ABrain7710 · 2023-08-29T19:43:29Z

augur/tasks/github/util/github_random_key_auth.py

@@ -16,6 +17,7 @@ def __init__(self, session: DatabaseSession, logger):

        # gets the github api keys from the database via the GithubApiKeyHandler
        github_api_keys = GithubApiKeyHandler(session).keys
+        github_api_keys = random.sample(github_api_keys, len(github_api_keys))



I believe the goal here is to randomize the order. If so random.shuffle should be used since Random.sample is used to get a random subset of a list. This will randomly order the list but it is less clear what the goal is

In short, we get more durable randomness from random.sample than random.shuffle ... random.shuffle reorders the original list, but it does this in memory, it doesn't reorder what is stored in redis. random.sample does a "better" job of getting us novel keys from a list every time. I tested both, and was reusing the same key about 3x as often with shuffle compared to random.

From Here: https://blog.enterprisedna.co/python-shuffle-list/

It’s essential to note that the shuffle() function returns None and modifies the original list or array. Therefore, it’s unsuitable for cases where you must maintain the original list order.

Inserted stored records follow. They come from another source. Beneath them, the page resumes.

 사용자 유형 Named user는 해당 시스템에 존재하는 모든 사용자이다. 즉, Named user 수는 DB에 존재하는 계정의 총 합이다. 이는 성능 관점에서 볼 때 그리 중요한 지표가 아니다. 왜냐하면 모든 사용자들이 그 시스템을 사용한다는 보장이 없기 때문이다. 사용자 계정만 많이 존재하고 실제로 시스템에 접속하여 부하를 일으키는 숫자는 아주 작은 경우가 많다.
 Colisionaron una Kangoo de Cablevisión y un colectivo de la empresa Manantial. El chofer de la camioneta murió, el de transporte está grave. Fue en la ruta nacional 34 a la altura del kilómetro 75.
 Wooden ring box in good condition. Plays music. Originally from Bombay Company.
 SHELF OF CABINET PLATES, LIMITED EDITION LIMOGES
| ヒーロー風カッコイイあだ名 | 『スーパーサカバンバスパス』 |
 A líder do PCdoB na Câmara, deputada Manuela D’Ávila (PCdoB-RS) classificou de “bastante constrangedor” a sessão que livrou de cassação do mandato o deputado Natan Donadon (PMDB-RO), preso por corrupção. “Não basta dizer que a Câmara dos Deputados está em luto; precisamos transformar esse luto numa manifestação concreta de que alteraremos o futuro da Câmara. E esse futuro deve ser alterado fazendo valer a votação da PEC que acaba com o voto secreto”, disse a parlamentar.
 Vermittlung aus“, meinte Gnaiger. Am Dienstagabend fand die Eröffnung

To return a new list containing elements from the original list without modifying it, you can use the sample() function from the random library:

ABrain7710 · 2023-08-29T19:48:04Z

augur/tasks/github/util/github_api_key_handler.py

+            self.logger.debug(f'valid keys AFTER shuffle: {valid_keys}')
+        except Exception as e: 
+            self.logger.debug(f'{e}')
+            valid_keys = valid_now


This only gets executed the first time the GithubApiKeyHandler is created after that the keys will be stored in Redis so this function will return in the if redis_keys block.

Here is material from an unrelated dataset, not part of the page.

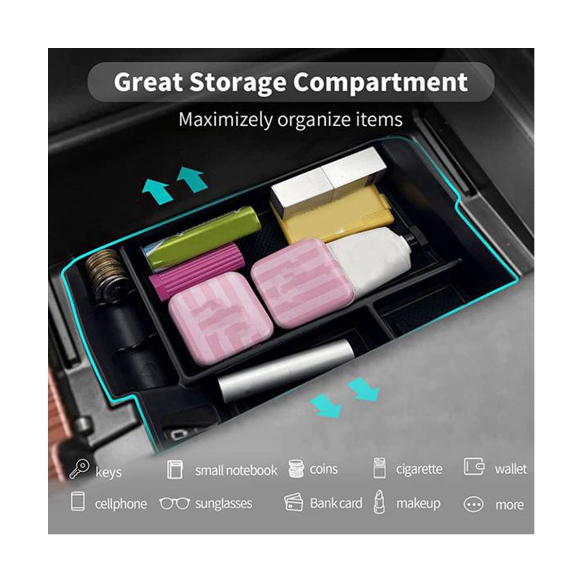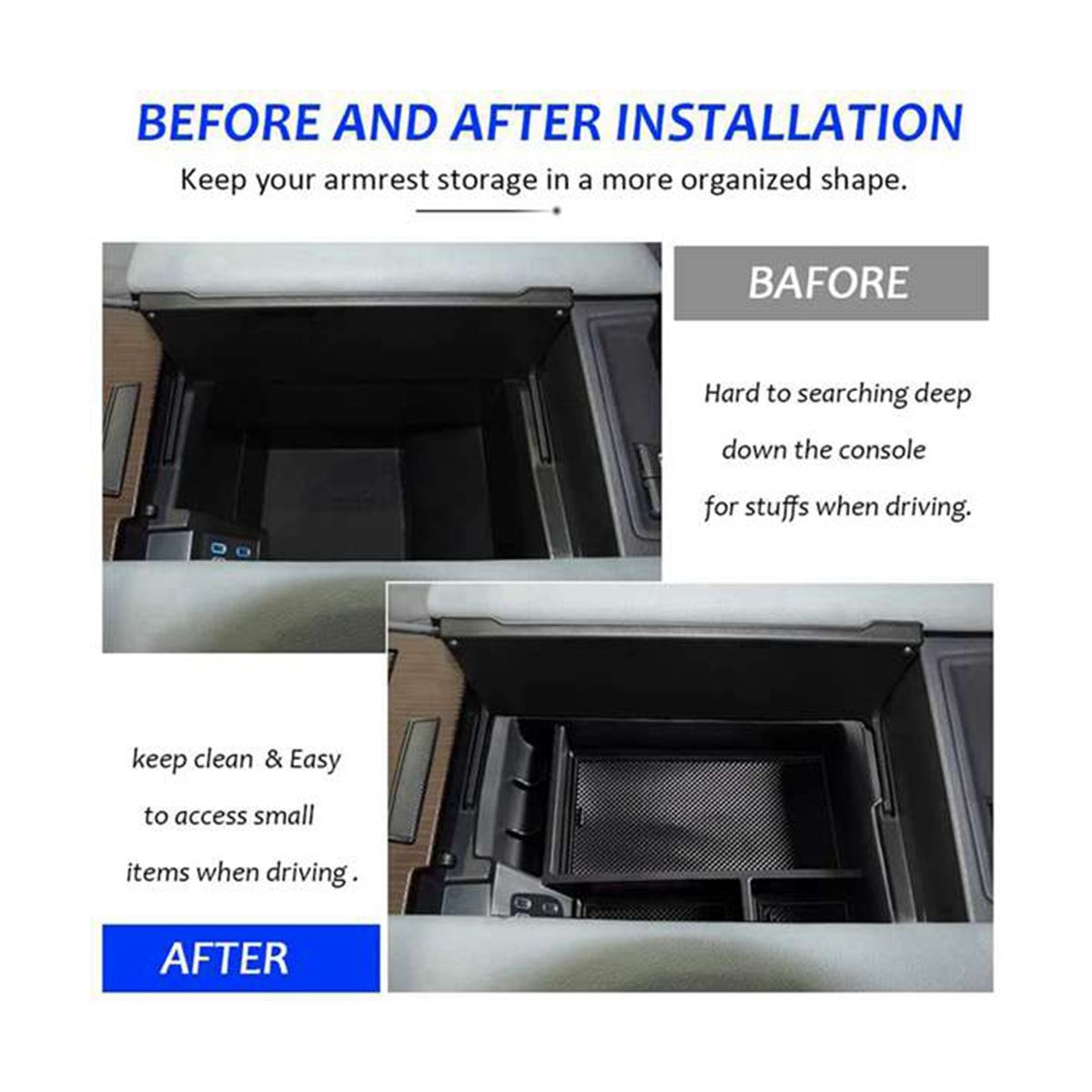 [INSTALLATION]-Very easy to install, just drops the armrest storage box in the correct place, no other tools required. Keep your armrest storage in a more organized shape.

That's ok. What was happening is we'd always get them in table order, so by randomizing how redis is first populated we don't start with the same list, which makes the first hour of any restart go slower because it runs out of keys (at least going from previous, non-randomized configuration to the changes I made).

ABrain7710 · 2023-08-29T19:51:31Z

augur/tasks/github/util/github_api_key_handler.py

        where = [WorkerOauth.access_token != self.config_key, WorkerOauth.platform == 'github']

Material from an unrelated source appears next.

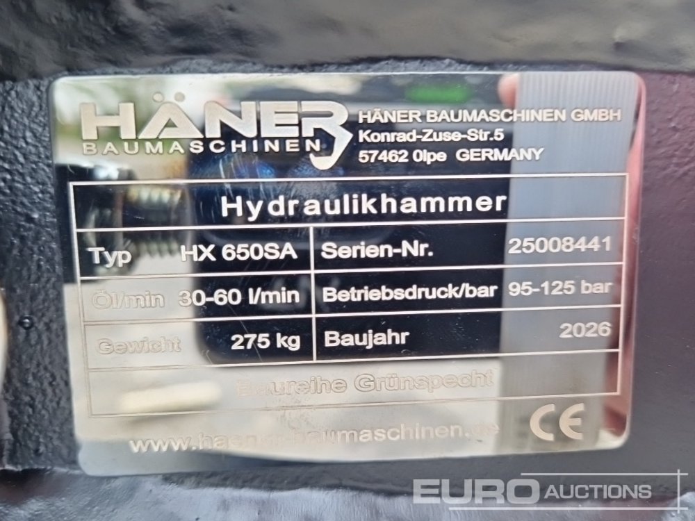 Unused 2026 Häner HX650SA Hydraulic Breaker to suit 4-5 ton Excavator - 25008441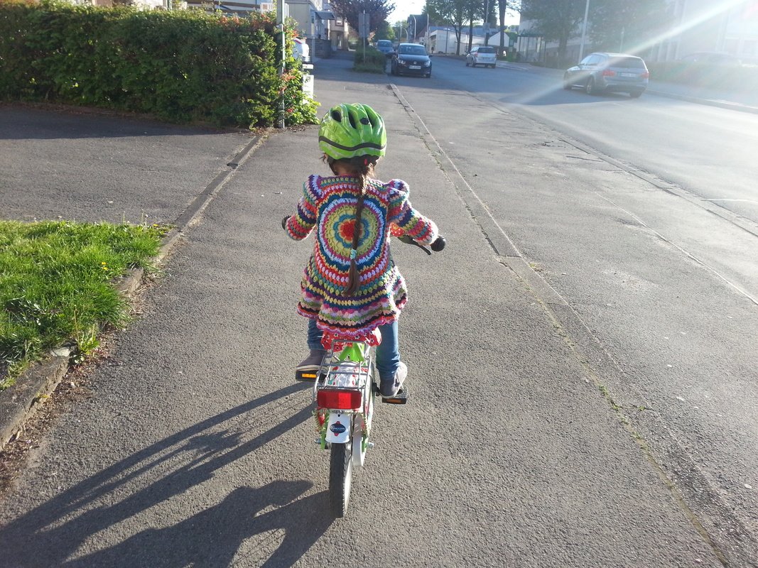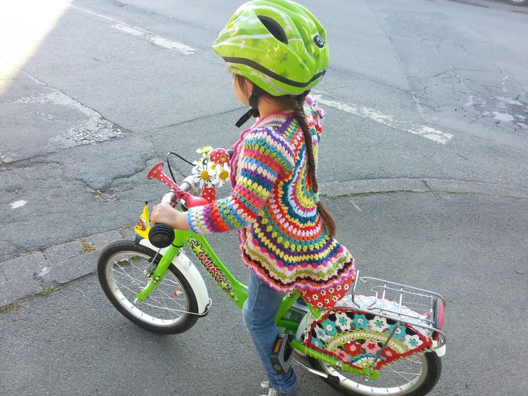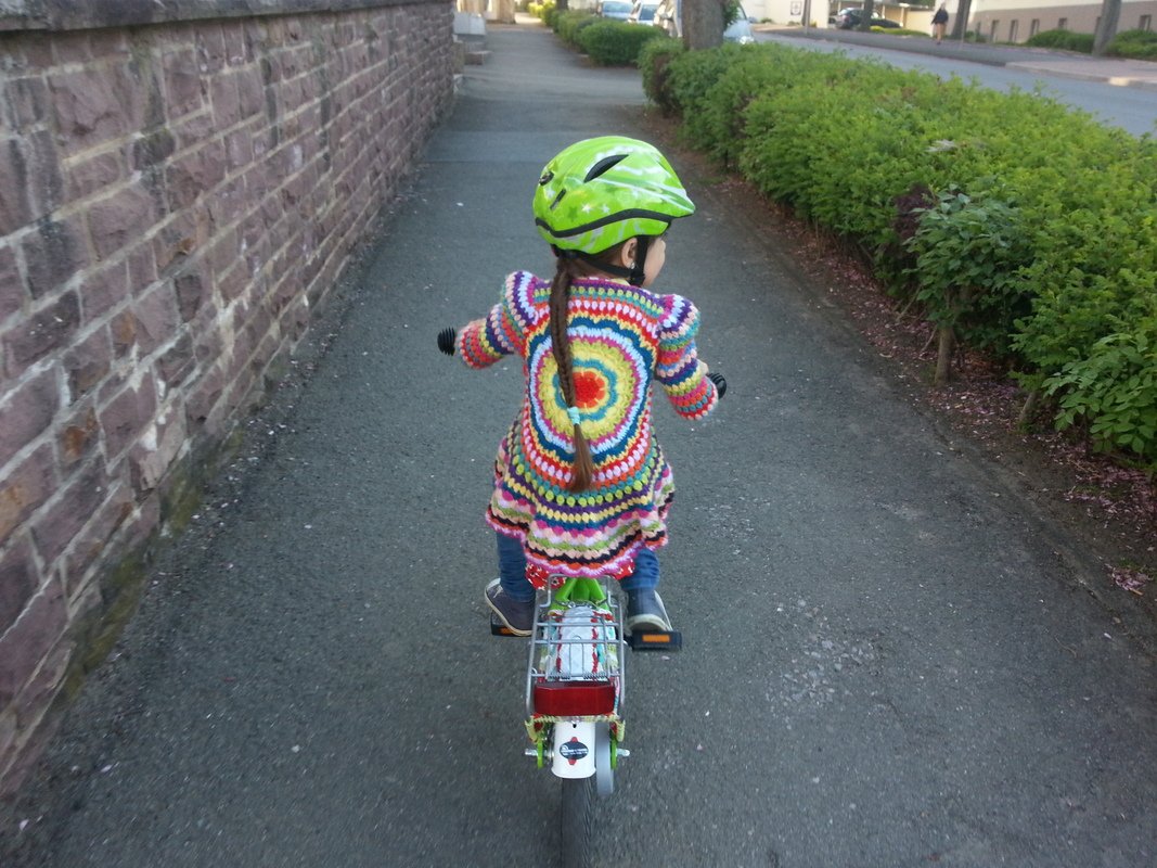 Hier bekommst du die Anleitung für diese Kreisjacke in der Größe 98/104, mit vielen Variationsmöglichkeiten.

-        return [key_tuple[0] for key_tuple in self.session.query(select).filter(*where).all()]
+        return [key_tuple[0] for key_tuple in self.session.query(select).filter(*where).order_by(func.random()).all()]


I don't think this is needed as this is just going to randomize the order of the keys that are cached in Redis the first time the GithubApiKeyHandler is created. So this will just make the keys in Redis stored in a different order

That's ok. What was happening is we'd always get them in table order, so by randomizing how redis is first populated we don't start with the same list, which makes the first hour of any restart go slower because it runs out of keys (at least going from previous, non-randomized configuration to the changes I made).

…ult branch

…able: defaultBranchRef

sgoggins · 2023-08-30T15:27:27Z

@IsaacMilarky
@ABrain7710

I was surprised by how much more effective introducing randomization in all three places than in any one of them extended or eliminated periods where the API Rate Limit was exceeded.

I tried each of them one at a time, and the triple shuffle has API key stops less than 1/2 the time as an single or combination shuffle.

NOTE: This PR now also includes a fix to the repo_info task. Previously we were pulling the main branch commits (actually, it was worse than that: it was master), so we were missing about 25% of commit counts, and getting counts off of sometimes "not the default branch". Now its accurate, and on the default branch commit count, so the alignment with our facade commit counting will be perfect. This makes it a lot easier to accurately verify commit collection.

sgoggins · 2023-08-30T15:32:14Z

I'm unsure there is an issue with Github API keys being assigned randomly. I say this because the current implementation is as simple as it gets. We store a list of keys and assign a random key to every request we make. So unless the random.choice function isn't working, I don't think this is the issue.

I noted this in my specific comments: but I went through several iterations trying to get all the data fully collected, and the three different shuffles occur at different points in execution and are causing key reuse at such a low rate that with a sufficient number of keys we hardly ever run out on a pretty large database.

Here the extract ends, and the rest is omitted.